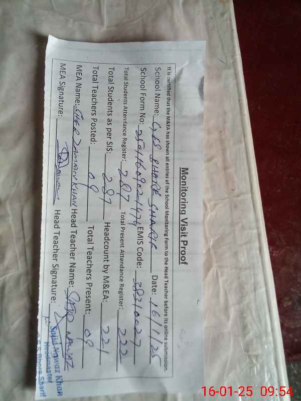 | EMIS Code: 38310027 | Name of School: GES BHORE SHARIF | |||
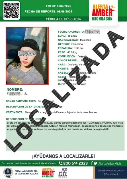 Morelia, Michoacán, a 17 de junio de 2025.- La Fiscalía General del Estado de Michoacán (FGE) desactivó la Alerta Amber emitida para la búsqueda de F.L.S., de 15 años de edad, quien fue reportada como desaparecida el pasado 9 de junio en el municipio de Morelia.
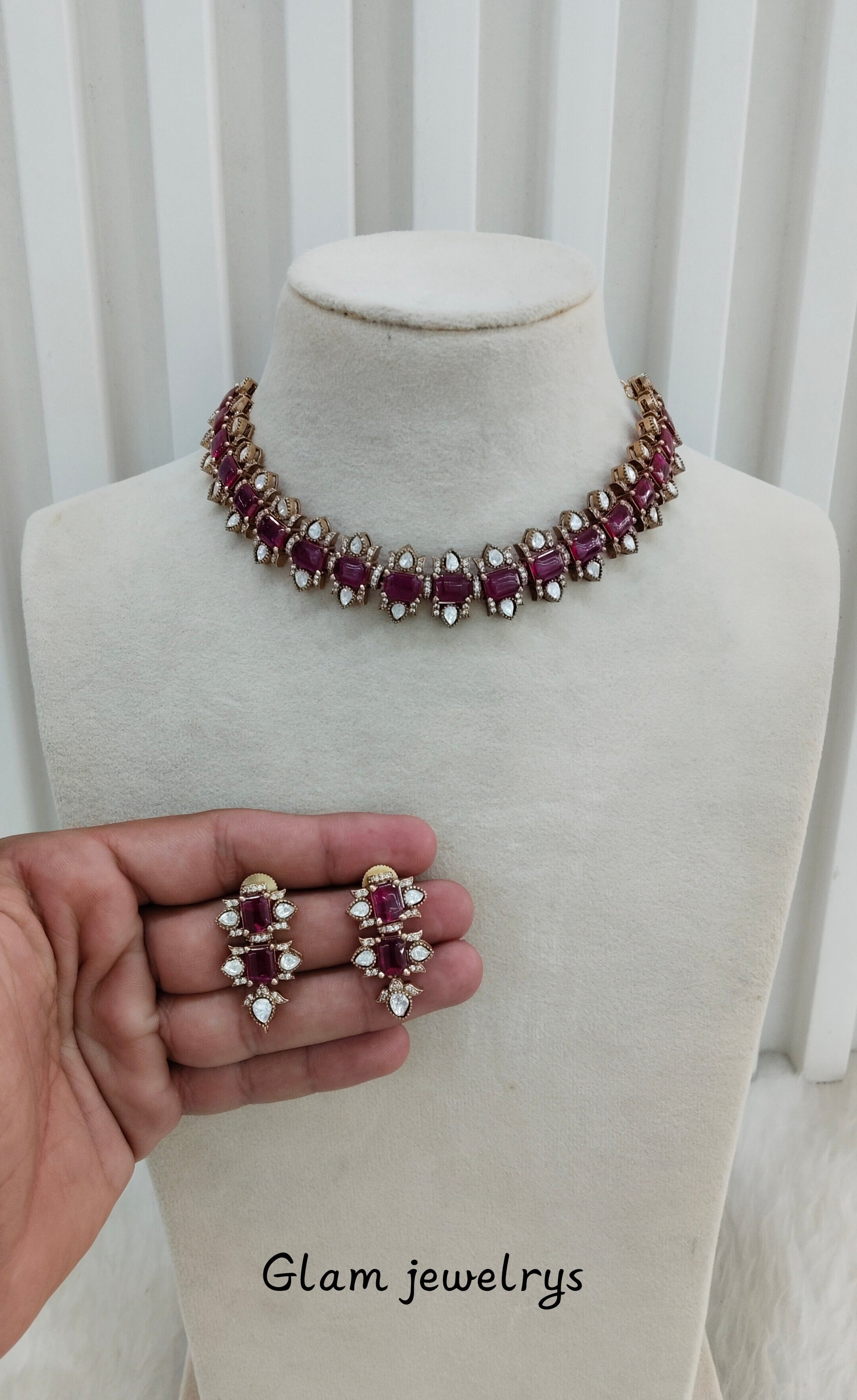 Majenta Gold Moissanite Kundan Necklace Indian Jewellery Indofarm Set
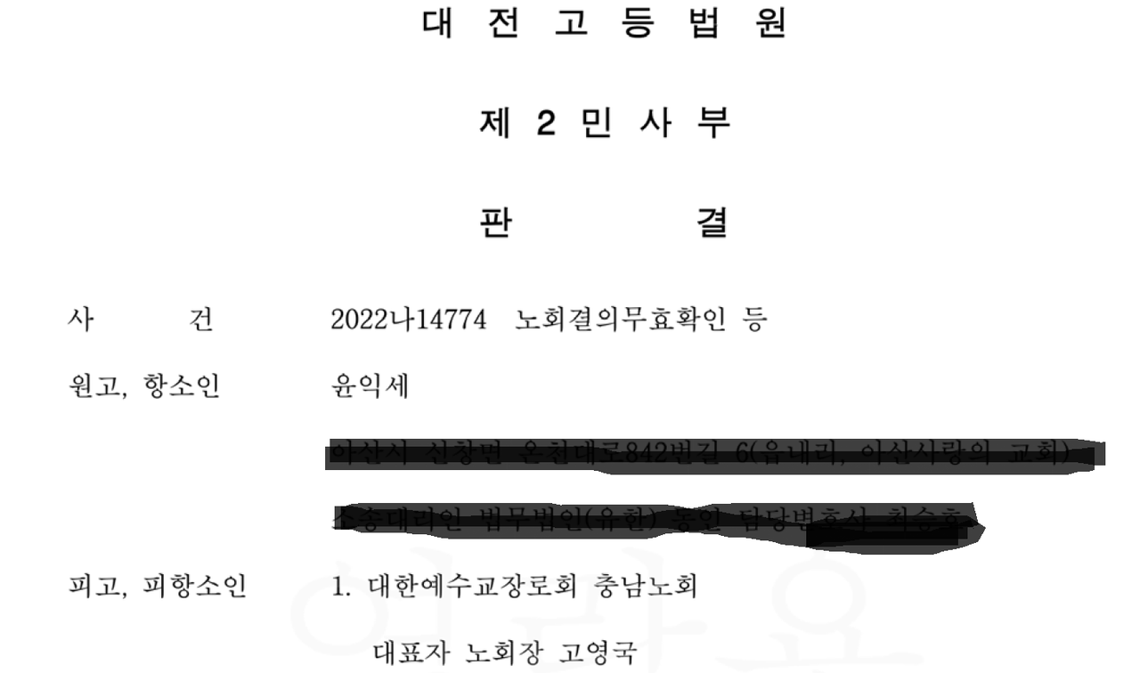지난 8월 31일 대전고등법원 2022나14774 (정기회) 노회결의 무효확인 등 소송 항소심 판결선고에서 원고 윤익세의 항소가 기각되었다.

> **Your instructions**:
Your answer must contain the full data, repeated exactly, without pictures.

> **Problem solution**:
 | EMIS Code: 38310027 | Name of School: GES BHORE SHARIF | |||
 Morelia, Michoacán, a 17 de junio de 2025.- La Fiscalía General del Estado de Michoacán (FGE) desactivó la Alerta Amber emitida para la búsqueda de F.L.S., de 15 años de edad, quien fue reportada como desaparecida el pasado 9 de junio en el municipio de Morelia.
 Majenta Gold Moissanite Kundan Necklace Indian Jewellery Indofarm Set
지난 8월 31일 대전고등법원 2022나14774 (정기회) 노회결의 무효확인 등 소송 항소심 판결선고에서 원고 윤익세의 항소가 기각되었다.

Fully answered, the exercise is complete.